This article features some material in The Brontës Went to Woolworths that gives me the idea that Rachel Ferguson had personal experience of the problems that creating imaginary relationships and living in fantasy worlds can cause.
She mentions the importance of being very careful when talking in the real world to people who have been the targets of fantasies; she also says that these people must be accepted and dealt with as they really are. She describes some inner conflicts that result from having too many fantasies on the go.
Some of the things that the narrator Deirdre Carne says give me the idea that Rachel Ferguson herself had been in a situation where someone had been part of her life in her imagination long before she actually met them in real life. Deirdre mentions for example how difficult it is to have to treat people as strangers when they have been one of the family for years!

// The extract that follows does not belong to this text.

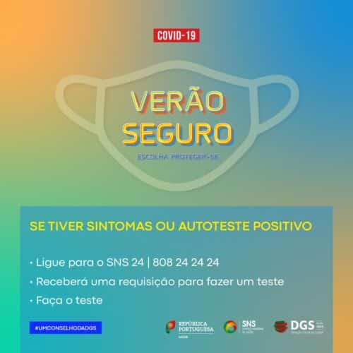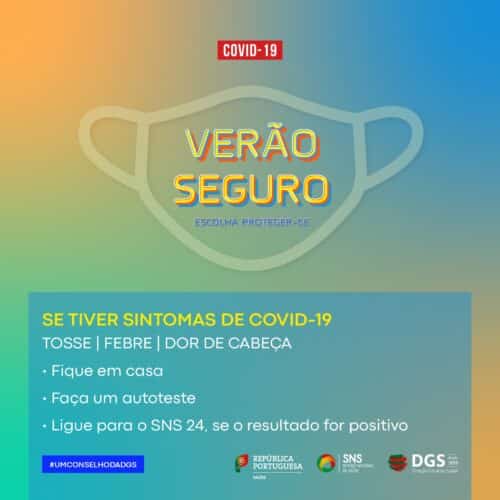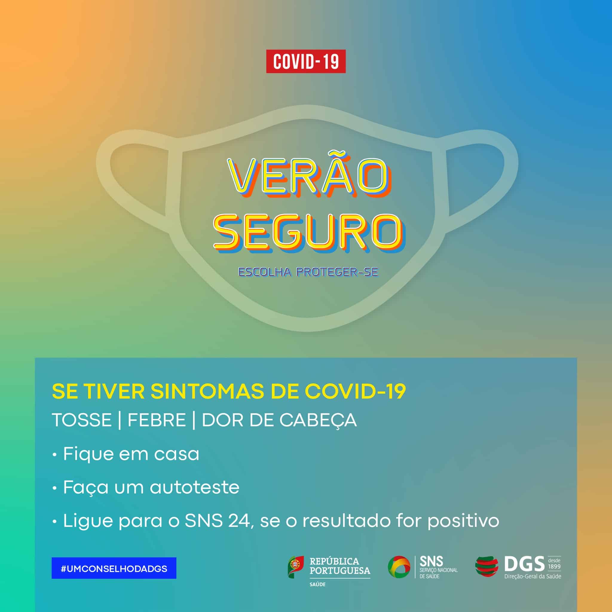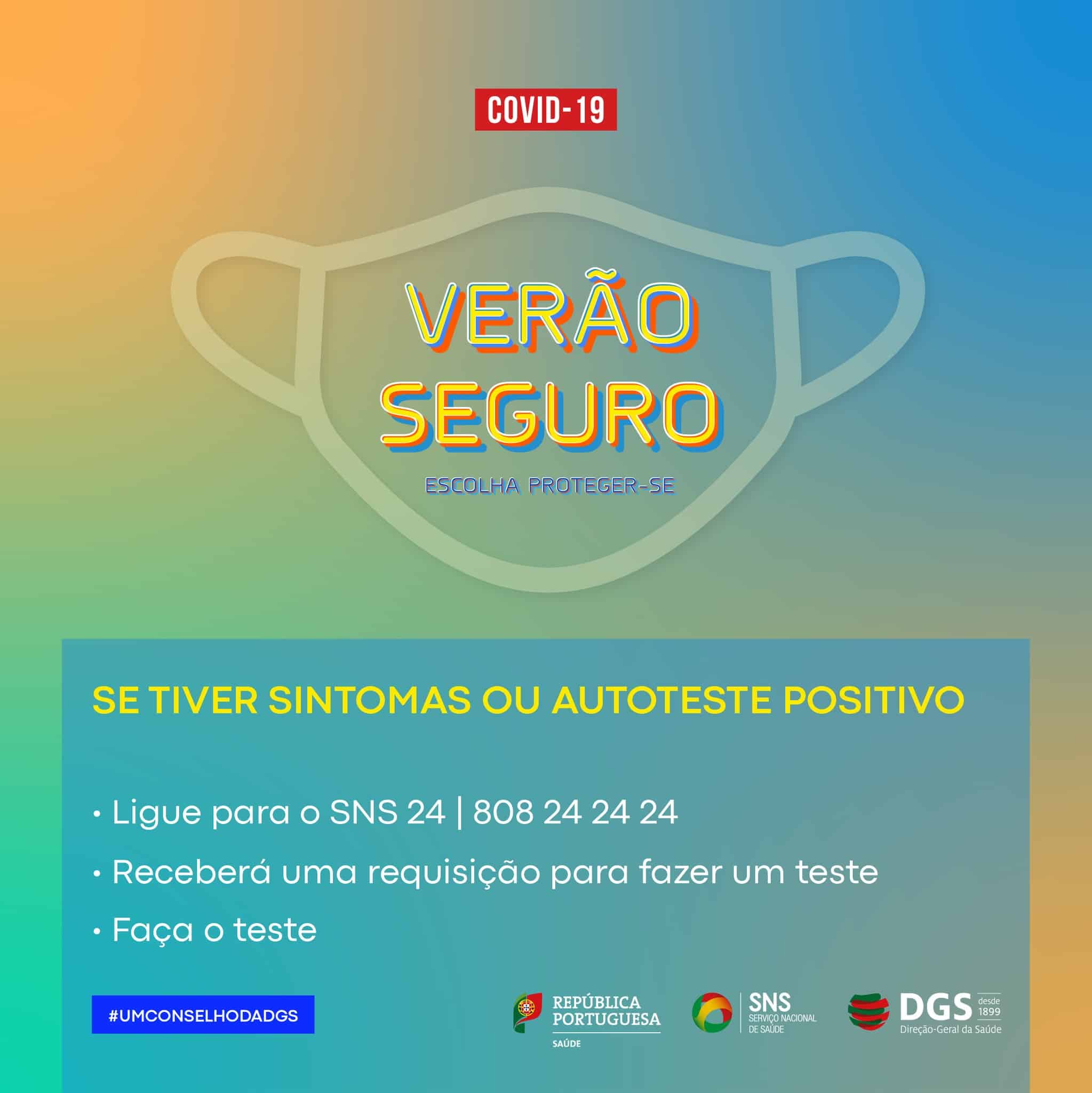 Caso os cidadãos apresentem sintomas para a covid-19 (nomeadamente tosse, febre e dores de cabeça), a DGS reforça que devem ficar em casa, realizar um autoteste e ligar para a linha SNS 24, no caso deste apresentar um resultado positivo, seguindo-se o isolamento profilático. “Seja um agente de saúde pública”, reforça a entidade.

This again reminds me of the double agents in Raphael Sabatini's books who were mentioned in the introductory article: people who live a double life must be careful to keep their stories straight and not give themselves away.
Deirdre has feelings of unreality when about to meet Lady Toddington for the first time in real life. The information that she has either invented or obtained via her researches makes her feel both advantaged and disadvantaged when talking to her.

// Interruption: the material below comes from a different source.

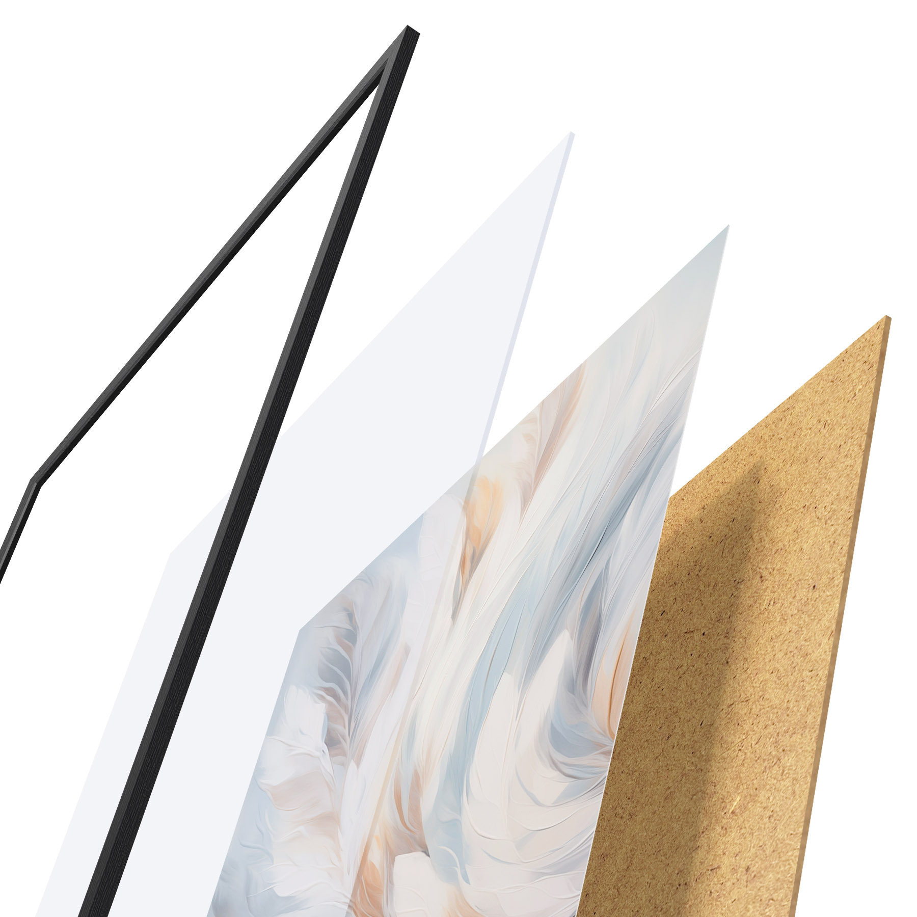 De poster bestaat uit een frame, plexiglas, geprinte afbeelding en spaanplaat achterkant. De poster kan meteen aan de muur worden gehangen dankzij de bevestigingen op de achterkant.

Deirdre slips up a few times but gets away with it.
She says this about the necessity of bringing Lady Toddington up to speed:
“Meanwhile, there was the spadework of the situation to get through, and I wondered how long it would actually take to bring her up to the point at which I had arrived long since, so that we could all start level.”
I suspect that Rachel Ferguson must have done some similar spadework, slowly putting her cards on the table one by one. How else could she have come up with something like that!